Thema des Tages
Der Gletscherwind
An dieser Stelle konnten Sie als treue Leser unseres Themas des Tages
schon häufiger etwas über lokale Windsysteme wie zum Beispiel erst
kürzlich von der Berg- und Talwind-Zirkulation mit dem inkludierten
Hangwindsystem, aber auch von der Land- Seewind-Zirkulation oder dem
Föhn lesen. Heute nehmen wir ein weiteres lokales Windphänomen unter
die Lupe: den Gletscherwind.
Der Gletscherwind fällt fachlich in die Kategorie der katabatischen
Winde. Der Begriff stammt vom griechischen Wort 'katabatikos' - was
übersetzt 'herunterfließend' bedeutet. Somit ist der Gletscherwind
ein kalter Fallwind. Beim Schmelzen müssen die Wassermoleküle aus der
relativ festen Bindung im Eis unter Energieaufwand in die schwächere
Bindung, wie sie zwischen Wassermolekülen im flüssigen oder im
gasförmigen Zustand besteht, übergeführt werden. Das Aufbrechen der
festen Bindungen erfordert Energie, die das schmelzende Eis seiner
wärmeren Umgebung entzieht. Die Umwandlung vom festen Eis in den
flüssigen Zustand geschieht allerdings ohne Temperaturänderung.
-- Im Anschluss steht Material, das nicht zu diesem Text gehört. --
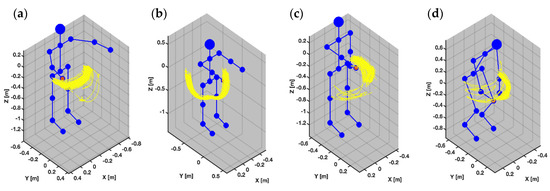 Depicts in blue the action component order for the participant performing the 4 movement tasks during the sensor validation protocol. Illustrated in yellow the OptiTrack reflective marker movement path associated with each movement task. Depicted in blue is a handcrafted skeleton used to establish a spatial reference. From top to bottom, the 4 movement tasks are: (a) Horizontal Arm Movement, (b) Vertical Arm Movement, (c) Rotational Arm Movement, and (d) Composite Cross-Body Movement.
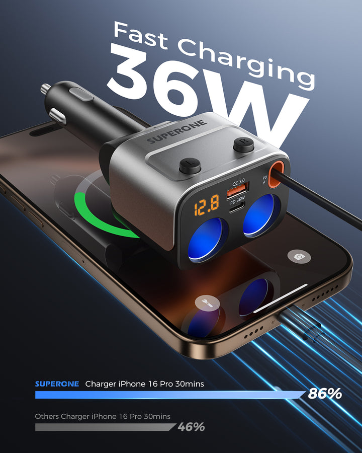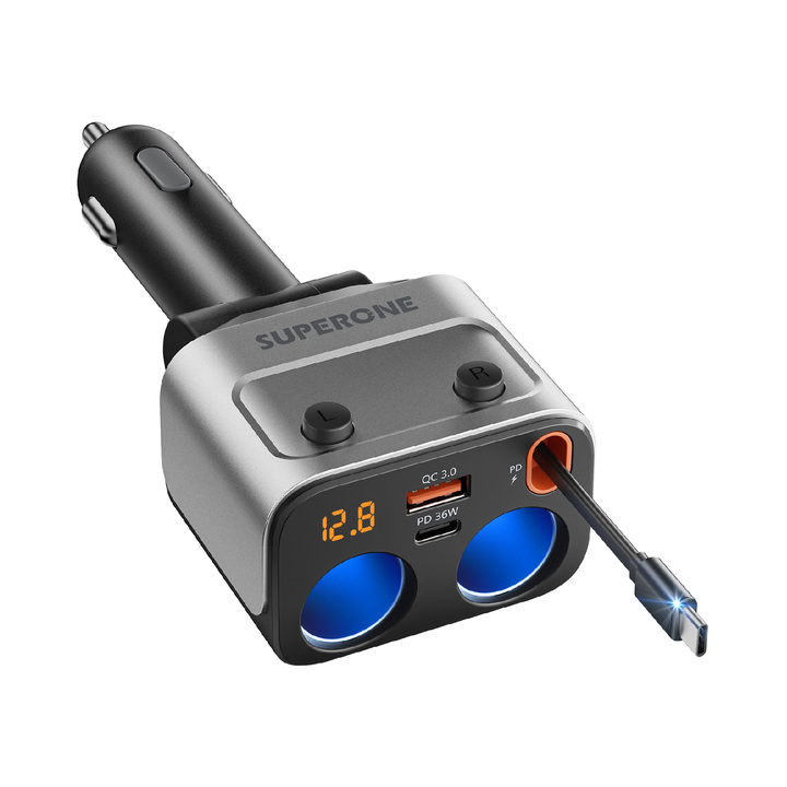 180W car charger splitter with a retractable cable. Expand to 2 sockets & charge 4 devices. Features a voltage display for safe, powerful, and tidy charging.
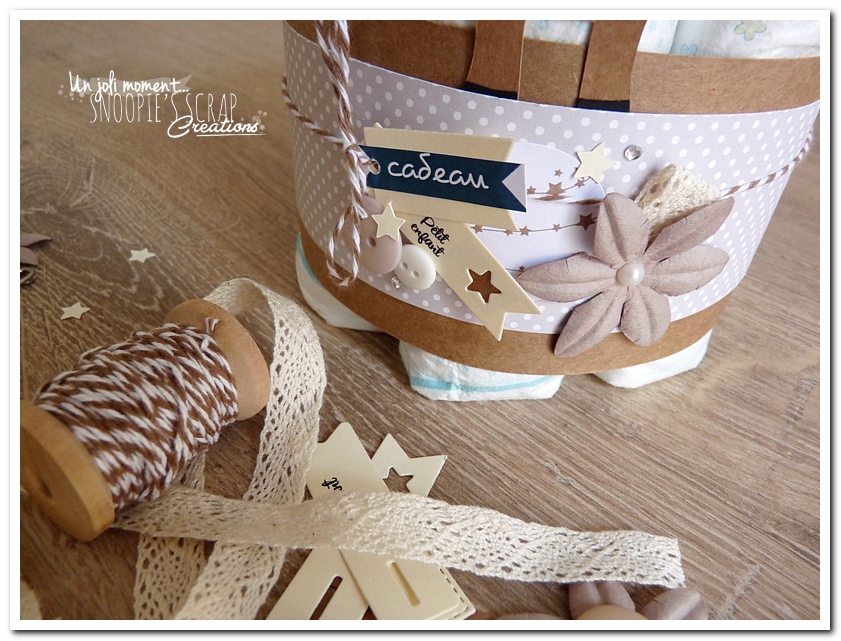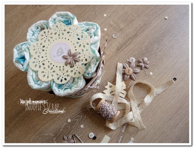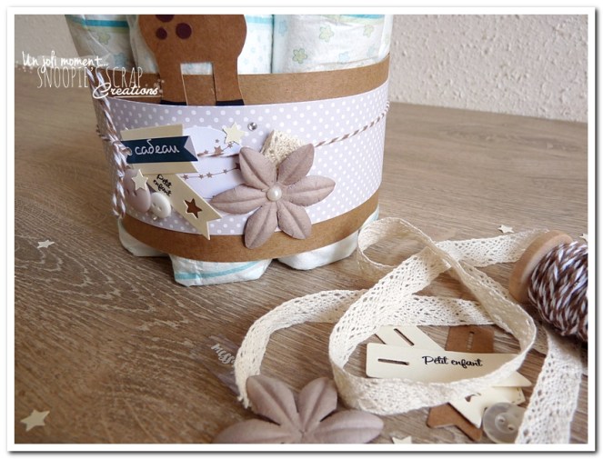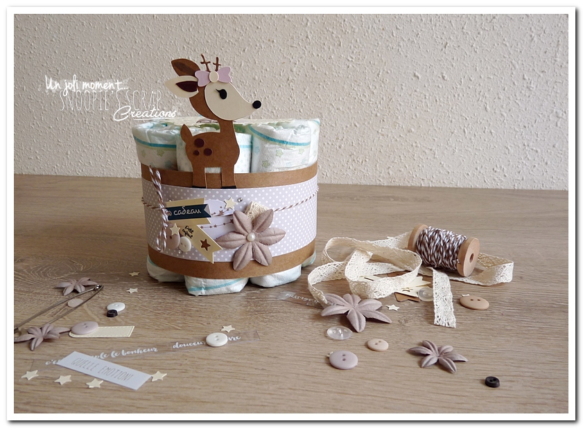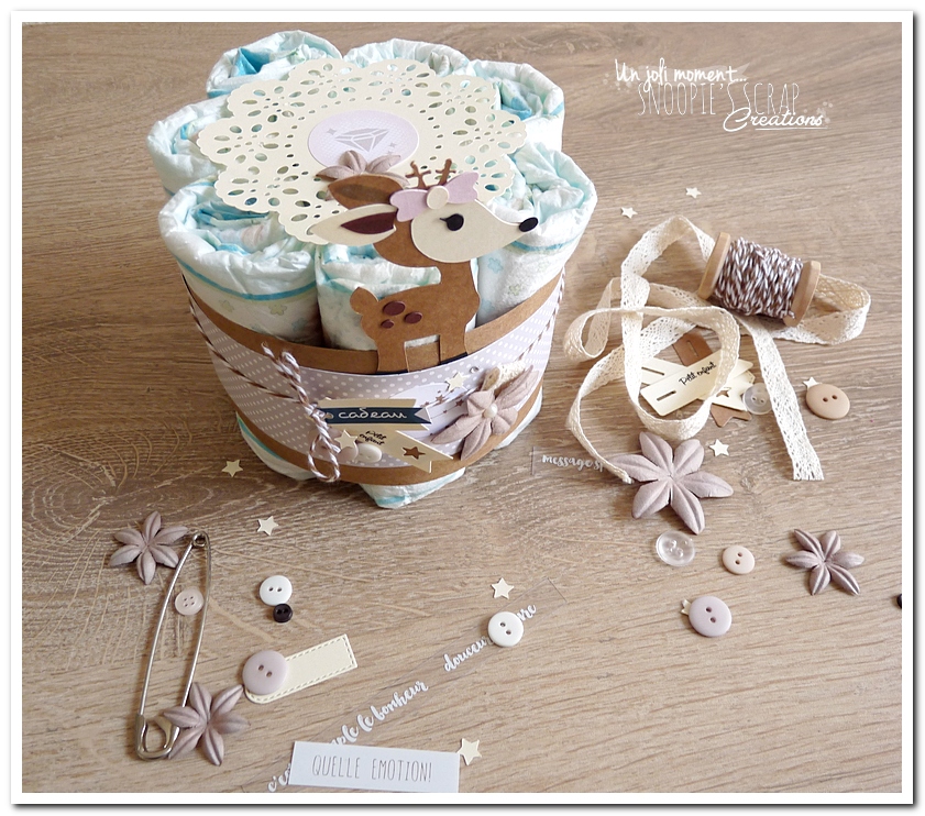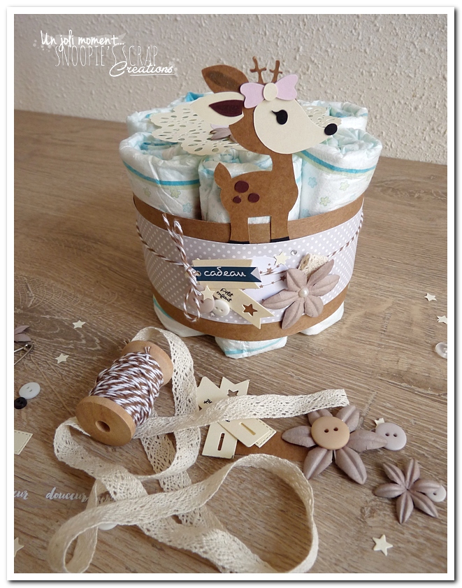 kraft, beige, ivoire, tons neutres, rose,naturel, tons naturels, faon, renne, fleur, ficelle, baker twine, napperon, étoiles, gâteau de couches, Naissance, Bienvenue, Clémence, cadeau, cadeau de naissance, quoi offrir pour une naissance, bébé qui vient de naître, présent, maternité, mixte, garçon, fille.
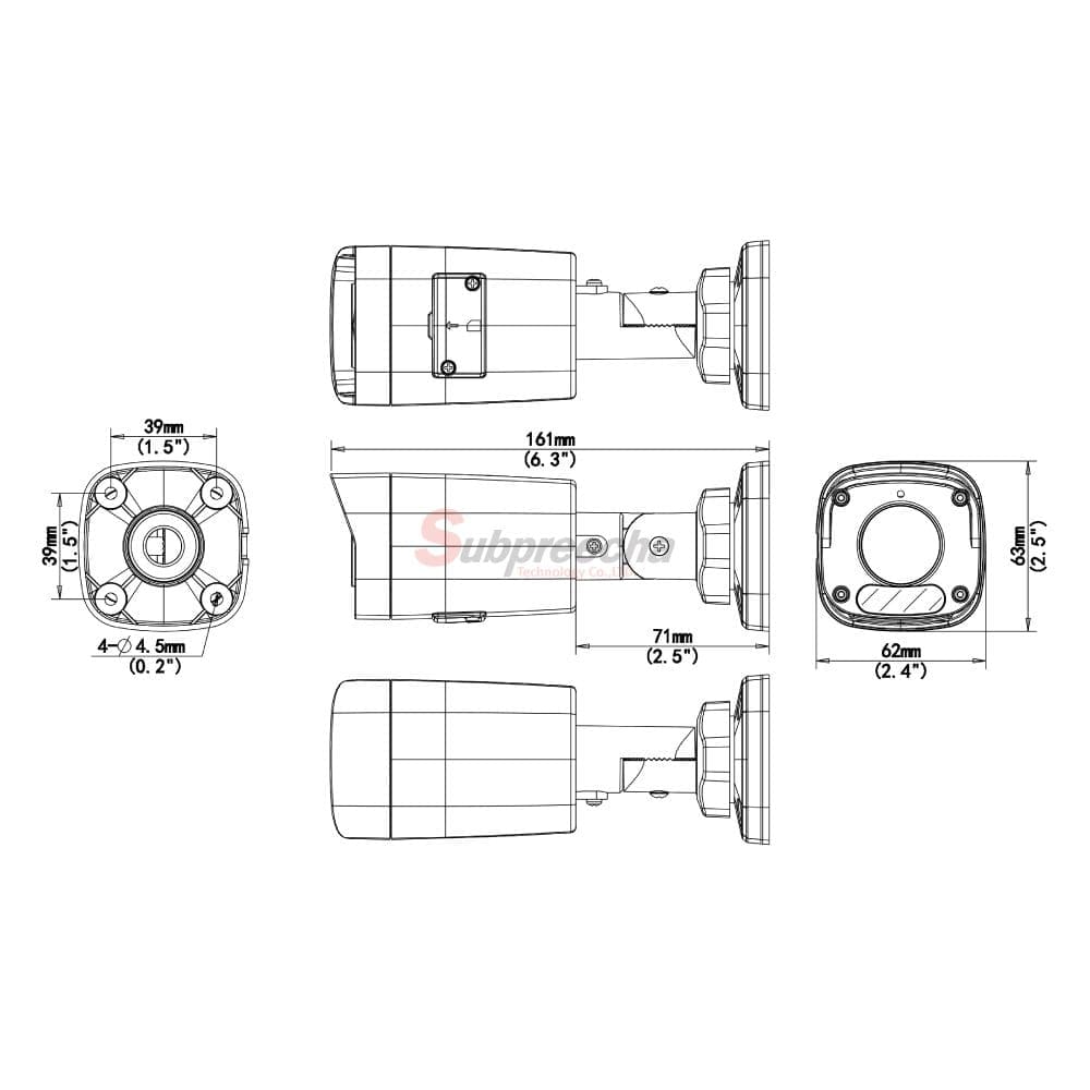 - 161 mm × 62 mm × 63 mm (6.3″ × 2.5″ × 2.5″) (L × W × H)

Dadurch ist die Temperatur einer schmelzenden Schnee- oder
Eisoberfläche auf 0 °C fixiert. Auf einem Gletscher kühlt nun die
oberflächennahe Luftschicht aufgrund des Wärmeentzugs durch das
Schmelzen oder die Verdunstung des Eises stark ab. Da diese kalte
Luft im Vergleich zur Umgebungsluft eine höhere Dichte aufweist und
damit schwerer ist, fließt diese der Schwerkraft folgend in Form
einer dünnen Strömungsschicht talabwärts. Zur Erinnerung: Auch der
Hangabwind teilt diese Eigenschaften und gehört somit auch zu den
katabatischen Fallwinden.
Beim Gletscherwind kommt nun noch verstärkend hinzu, dass die
Temperatur der schmelzenden Unterlage höhenunabhängig ist, während
die Umgebungsluft nach unten hin wärmer wird. Damit nimmt der
Temperaturunterschied zwischen der dünnen Luftschicht über der
Schnee- oder Eisoberfläche und freier Talatmosphäre nach unten
deutlich zu. Es kommt zur Ausbildung eines Luftdruckgradienten und
damit der Wirkung einer Druckgradientkraft. Als
Druckausgleichsströmung mit der wärmeren Umgebung entsteht der kalte,
katabatische Fallwind, der je nach Größe des Gletschers oder der
vergletscherten Region über die Gletscherzunge hinaus auch in einiger
Entfernung noch spürbar ist. Bei alpinen Gletschern erreicht der
Gletscherwind meist nur eine Entfernung von einem halben Kilometer
bis er sozusagen ausstirbt.
Gletscherwinde stellen eine Umkehrung der sonst tagsüber in
Bergtälern zu erwartenden Taleinwinde dar. In den Sommermonaten bläst
der Gletscherwind nahezu kontinuierlich sowohl am Tag als auch in der
Nacht. Am Tag gleitet der wärmere, entgegengesetzte Taleinwind dann
über den Gletscherwind auf und legt noch eine gewisse Strecke bis zu
den Gipfellagen zurück. Oberhalb des Kammniveaus weht ein von der
Topographie unbeeinflusster Wind.
Im Sommer weist der Gletscherwind zwei Maxima in seiner Stärke auf.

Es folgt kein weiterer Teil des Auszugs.